PROBLEM DESCRIPTION:
From the line containing "El calendario emitido" through the end of the entries, please repeat every line exactly and nothing more; the pictures do not belong in the copy.

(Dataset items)
- Opening Delimiter -
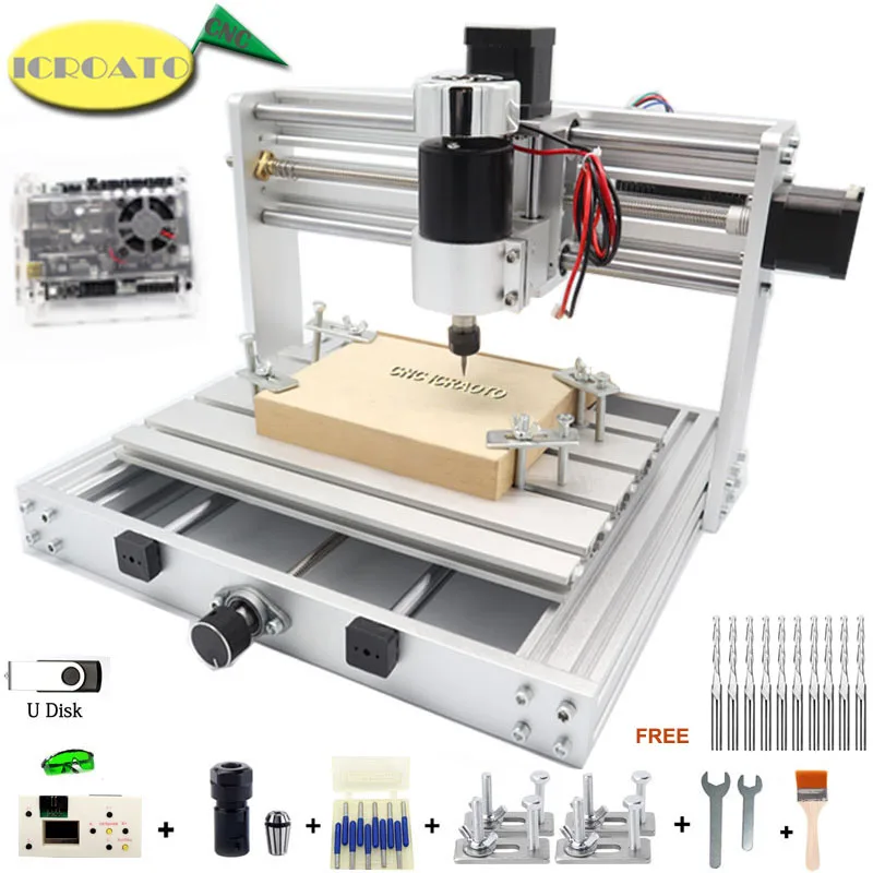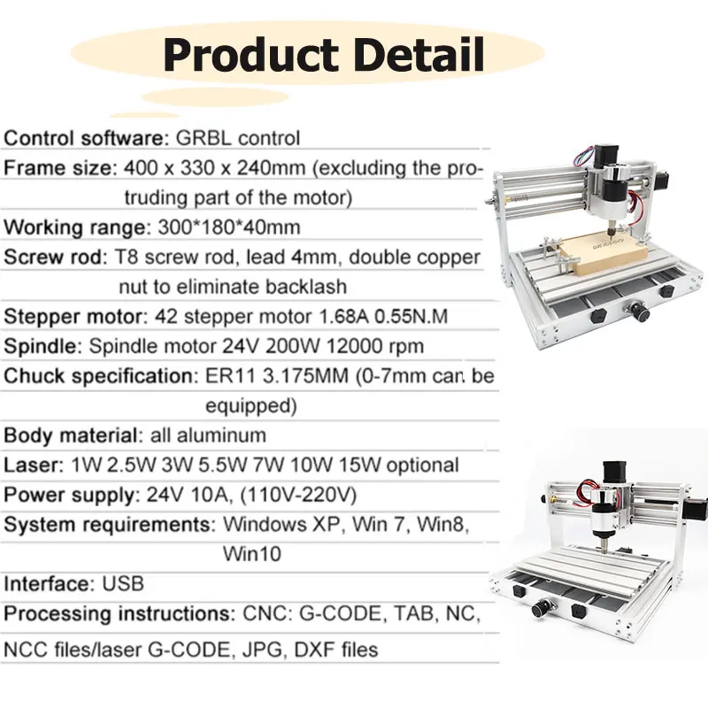 1. Корпус из алюминиевого сплава, рама состоит из 4040 алюминиевой profileand10 мм толстой алюминиевой пластины. Части X, Y и Z производятся обрабатывающим центром с ЧПУ, интегрированным формованием, несплайсингом, стабильной структурой и высокой точностью. 2. Промышленный высокомощный источник питания, номинальная мощность 240 Вт, максимальная мощность 250 Вт. 3. Он принимает 52 мм Диаметр профессионального шпинделя с воздушным охлаждением с номинальной мощностью 200 палочек Максимальная мощность до 300 Вт. Характеристика: Рабочая зона: 300x180x40 мм (около 11,81x7,08x1,57 дюймов) Mesa: 300x180 мм (около 11,81x7,08 дюйма) Рама: 360x310x225 мм (около 14,17x12,20x8,85 дюйма) Материал: корпус алюминиевого профиля (алюминиевая пластина 10 мм, алюминиевый профиль 40x4 0) Шаговый двигатель: 3x42 шагового двигателя (1.3A, 0,25 нм) Шпиндель: 200 Вт 52 мм воздушное охлаждение Шпиндель, 12000 об/мин (номинальная мощность 200 Вт, максимальная мощность 300 Вт) Сбор: ER11 (по умолчанию 3,175 мм) Подключение: PC-USB соединение (Windows XP/ Win 7/Win 8 / Win 10 / Offlineline) Источник питания: 24VDC 10A адаптер питания (110-240VAC входное напряжение) Плата управления: обновленная версия с корпусом и вентилятором, лучше подходит для защиты от пыли, охлаждения и продления времени гравировки и срока службы, прошивка GRBL1.1f, поддержка работы в автономном режиме Автономный контроллер (опции): 1 дюймовый ЖК-дисплей, поддержка gcode, txt, tap, nc, ncc, cnc и других форматов обработки файлов, с 1 Гб micro SD картой (с TF) Использование с шпиндельным мотором (фрезы): Программное обеспечение дизайна: камера Программное обеспечение управления: GRBL (GRBLcontrol/Свеча) Формат файла: код G (gcode/txt/nc/ncc/tap/...) Мощность шпинделя: 200 Вт Скорость вращения шпинделя: 12000 об/мин Метод обработки: рельеф/сверление/резка Обрабатываемый Материал: дерево/пластик/PCB/акрил/Фанера/... Использование с лазером: Программное обеспечение для проектирования: программное обеспечение для редактирования фотографий (Photoshop/AI/...) Программное обеспечение управления: LaserGRBL
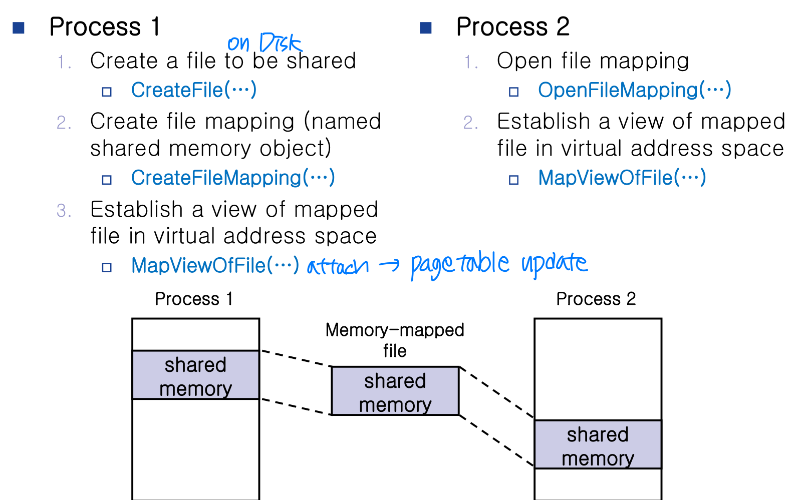 - 여러 프로세스가 메모리 매핑 파일을 통해 데이터를 공유할 수도 있다
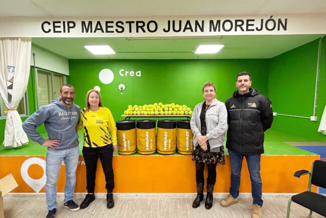 El acto se ha llevado a cabo en las instalaciones del centro educativo, donde María Carmen María García, directora del ‘Maestro Juan Morejón’, acompañada de uno de sus compañeros del equipo directivo, Claudio Tinoco, del presidente de la Federación de Tenis de Ceuta, Yasin Harrús, y de la responsable técnica de las escuelas de Tenis de la FTC, Isabel Jiménez Suárez, han realizado el acto de entrega de 400 pelotas de tenis.
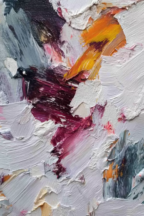Plakat Abstraktne kompositsioon intensiivsete kirsi- ja apelsinitoonidega õlimaalistiilis f46959
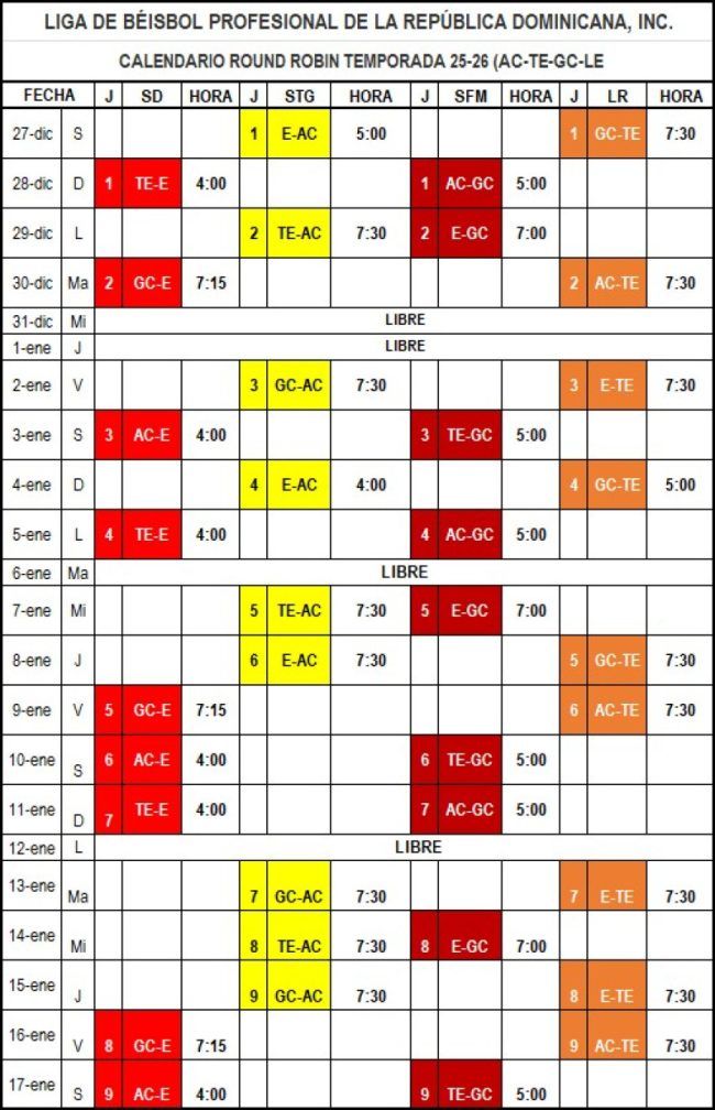 El calendario emitido por Lidom comprenderá cuatro fechas libres, las cuales serán los días 31 de diciembre, 1 de enero, 6 y 12 de enero.
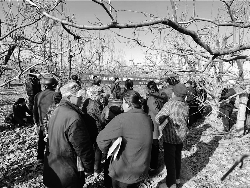 11月25日,韩城市金城街道组织技术人员在坡头村的田间地头开展柿子树冬季管理培训。 本报讯 (吴永刚 通讯员 贾亚龙)11月25日,韩城市金城街道联合市果业中心,把柿子树冬季管理“课堂”搬到坡头村的田间地头,并邀请柿子种植技术专家现场授课。此次培训摒弃复杂理论,全是农户能用得上的实用技巧。
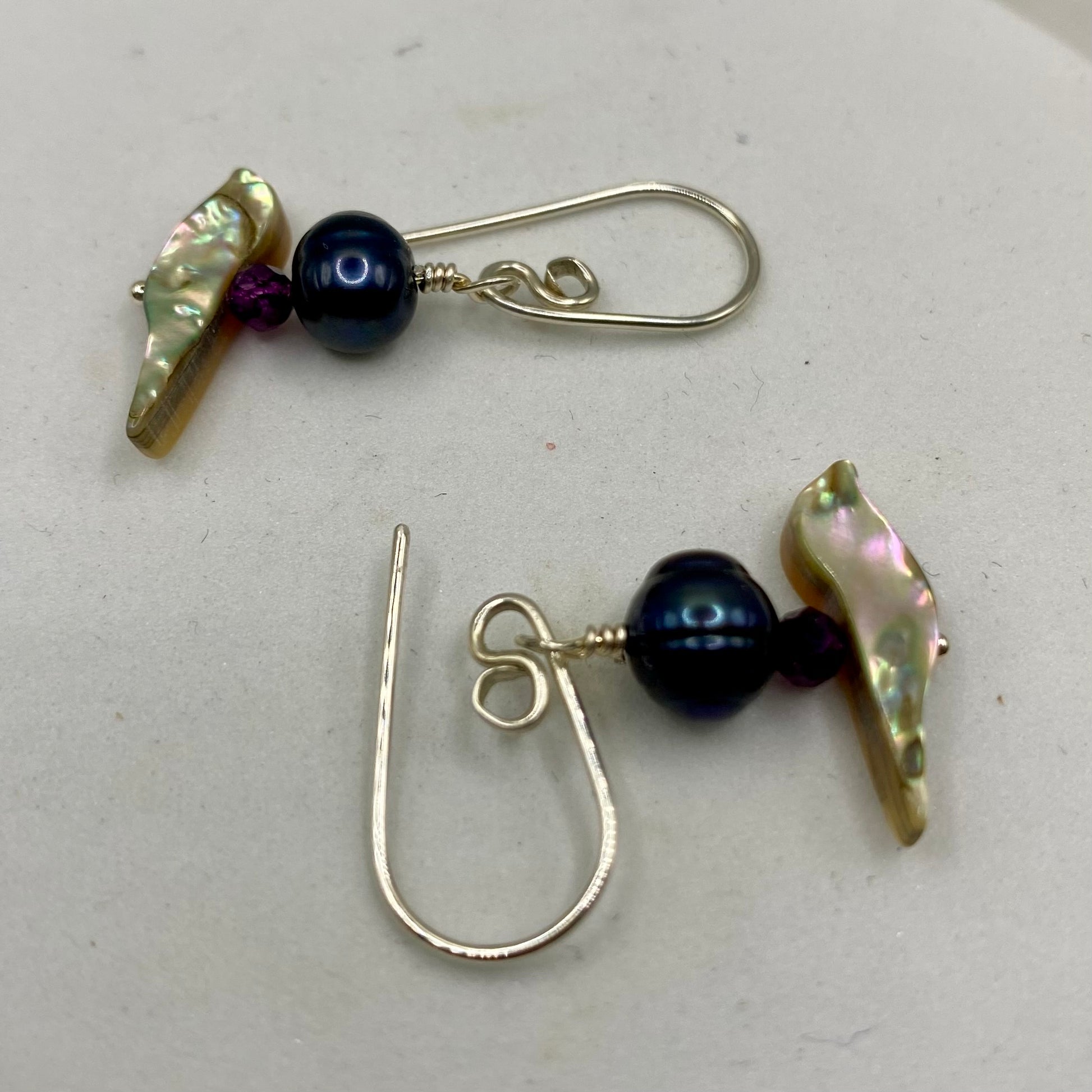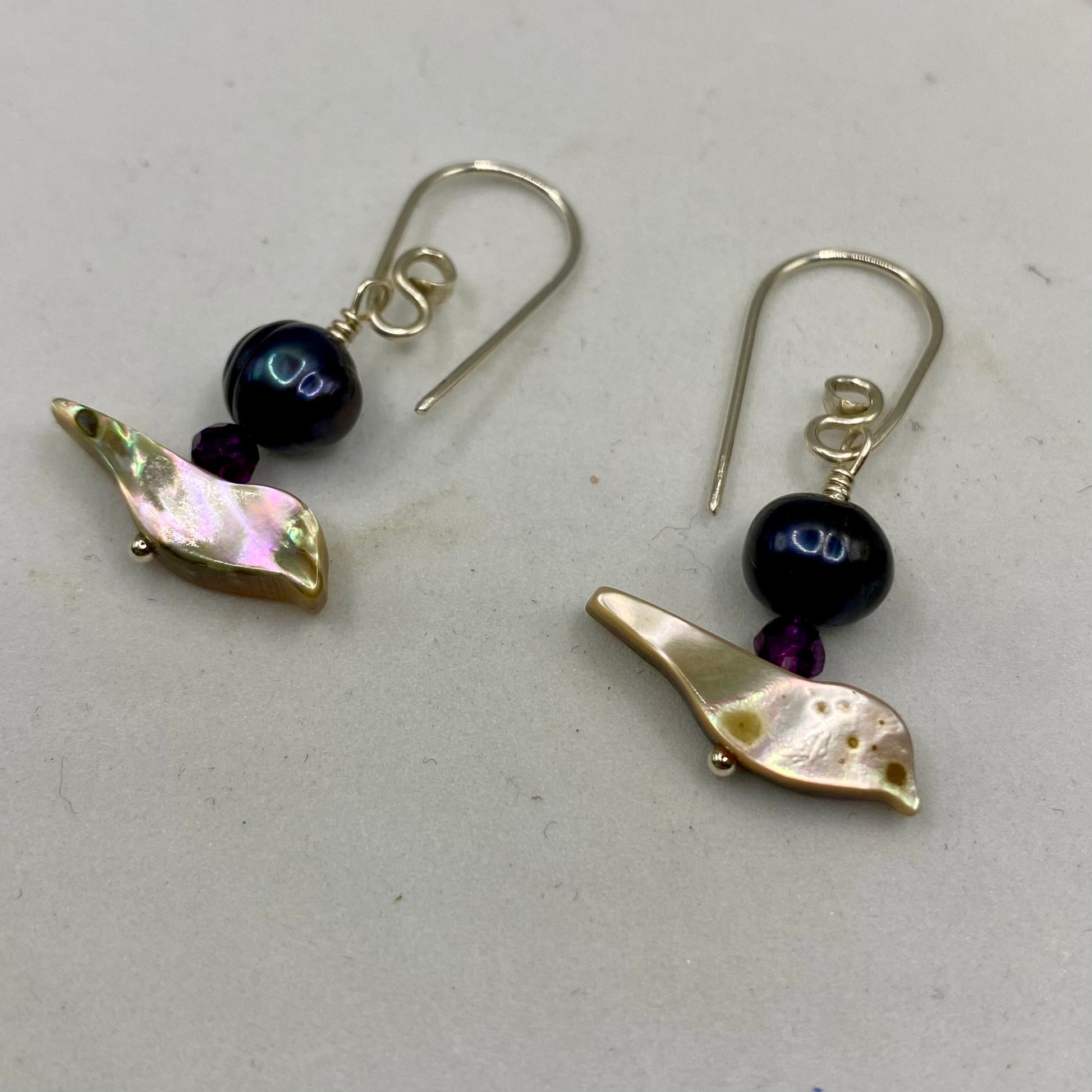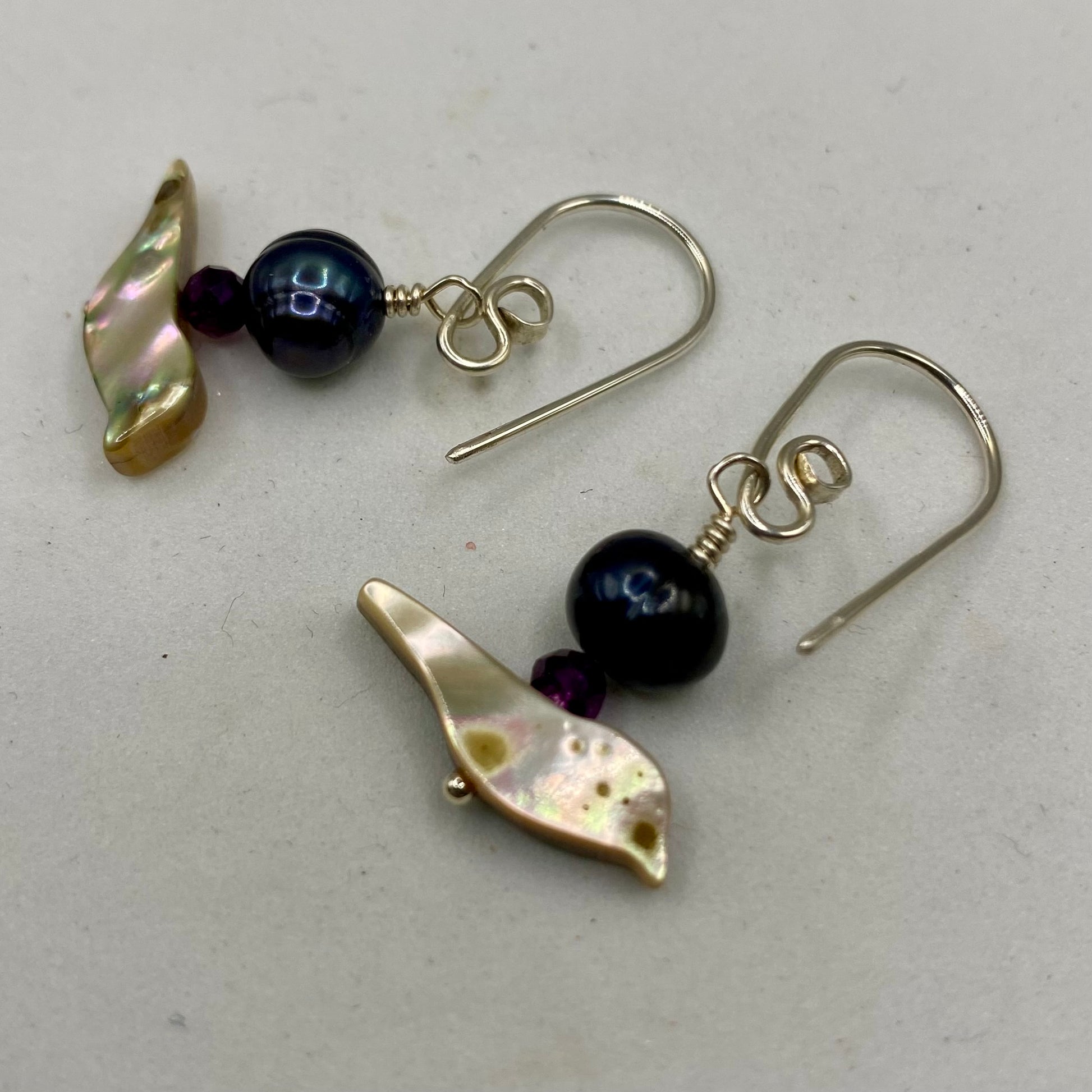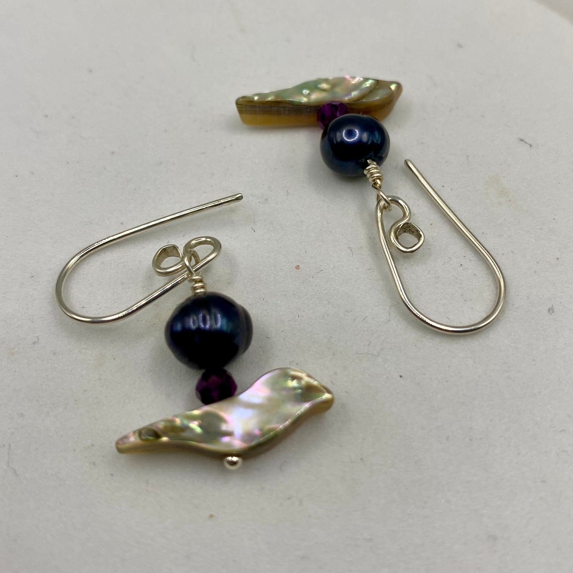Bird Abalone, Iolite & Pearl Earrings by Hip Chick Glass, Handmade Sterling Silver Earrings, Silver Gemstone Jewelry
- Closing Delimiter -
THE COMPLETED TASK:
 El calendario emitido por Lidom comprenderá cuatro fechas libres, las cuales serán los días 31 de diciembre, 1 de enero, 6 y 12 de enero.
 11月25日,韩城市金城街道组织技术人员在坡头村的田间地头开展柿子树冬季管理培训。 本报讯 (吴永刚 通讯员 贾亚龙)11月25日,韩城市金城街道联合市果业中心,把柿子树冬季管理“课堂”搬到坡头村的田间地头,并邀请柿子种植技术专家现场授课。此次培训摒弃复杂理论,全是农户能用得上的实用技巧。
Bird Abalone, Iolite & Pearl Earrings by Hip Chick Glass, Handmade Sterling Silver Earrings, Silver Gemstone Jewelry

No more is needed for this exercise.